Bruno takes up his die and kisses it for luck. He looks Nicholas straight in the eye. ‘She’s looking very comely, for all that walking you’ve done and the worry you’ve put her through.’
For a moment, Nicholas is taken off-guard. ‘Bianca?’
‘Of course. Who else do you think I’m speaking of – Caterina de’ Medici?’
‘Is she?’ Nicholas asks, wondering if this is some strategy of Bruno’s to take his mind off the game.
‘Trust an Englishman not to notice that his wife is blooming.’
‘Blooming? I hadn’t thought of her as blooming.’
Bruno gives him a sly look. ‘If the child is born in Padua, I demand you call him Bruno.’
And then he throws a sise, and puts himself squarely back in the game.
‘Blooming?’
‘That’s what he said – “blooming”.’
They are walking back from the Basilica of St Giustina. Bianca had wanted to show him Veronese’s depiction of the saint’s martyrdom, and it has taken Nicholas a while to regain the capacity of speech. He has never in his life seen such extraordinary colours and images. For a moment he thought he had been transported to the very moment when the cruel Moor pierced her white flesh with the tip of his knife. He can think of nothing like it in any church in England. The knowledge that Robert Cecil would consider it a dangerous papist icon only added to the thrill. Now they are stepping carefully around a gang of plasterers splashing stucco on the wall of a house fifty yards from Bruno’s. Bianca hoists the hem of her gown to avoid the pools of sticky pale soup.
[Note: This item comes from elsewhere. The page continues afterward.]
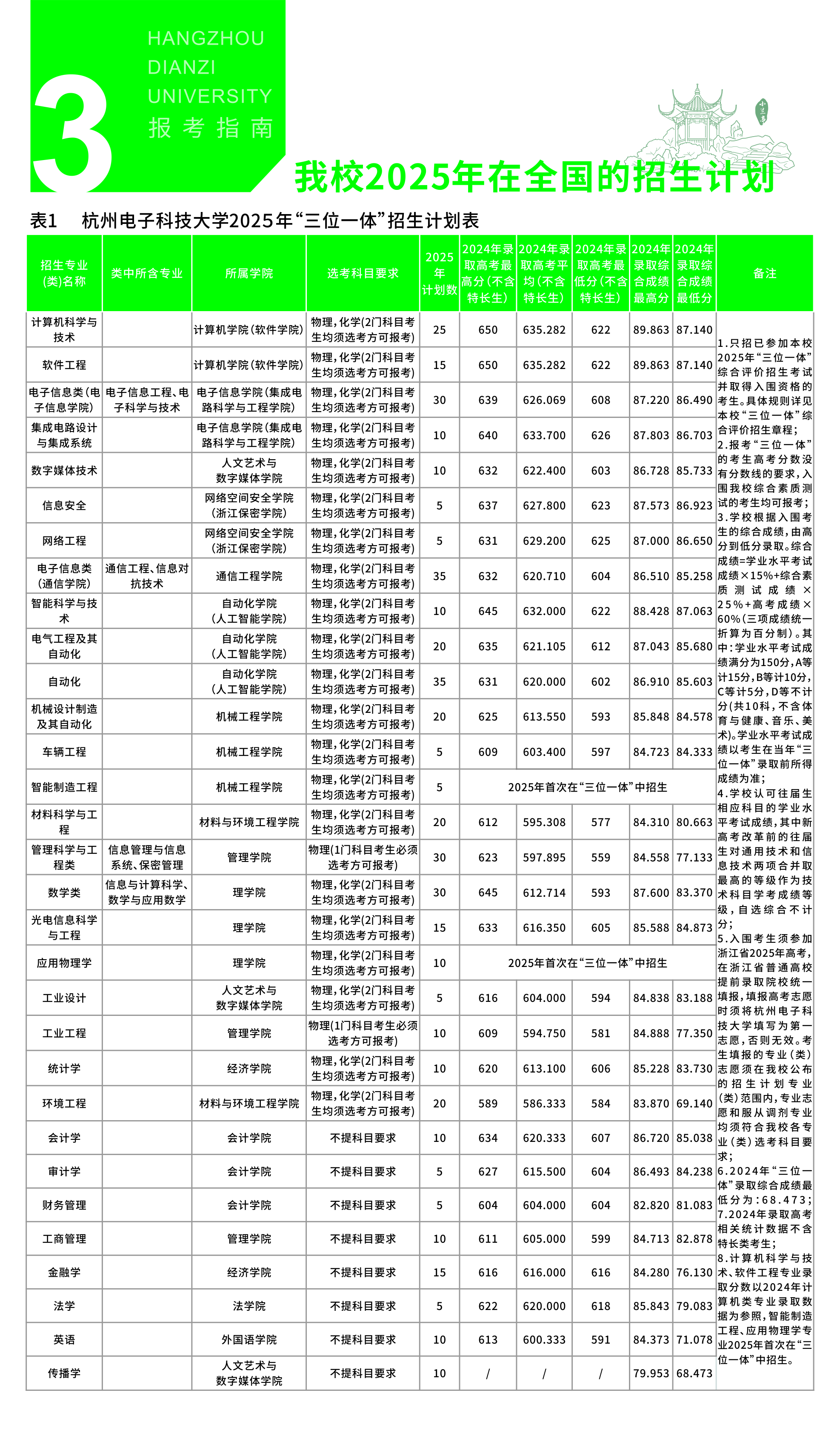 答:2025年我校在浙江省的招生总计划为2833人,比去年增加了210人,在三位一体的招生计划为450人。浙江省内考生选择杭电的机会进一步加大!浙江省普通类增量安排在卓越学院的3个专业(

‘And do you think I’m blooming, Nicholas?’
He squirms. Comes out with a hurried excuse. Knows it’s lame even as he delivers it.
‘I’m sorry if you think I haven’t noticed. It’s just that whenever I look at you, it’s still as though I’m seeing you for the very first time.’
Her expression changes from disbelief to icy. He thinks: she’s hurt that her cousin can see she’s with child, but her husband – her stolid English husband – is not blessed with such arcane skills.
‘Well, is he right? Are you–?’ he asks clumsily. ‘It is what we hoped for…’
Bianca shakes her head to dispel the awful feeling that somehow Hella is still with them, still working her sick artifice. But it will not leave her. She recalls the awful sense of helplessness and dread she’d experienced when she’d wondered if the maid could somehow influence the workings of her body. If Bruno is right, then what kind of creature could be growing inside her – if it was somehow under the influence of another person’s will?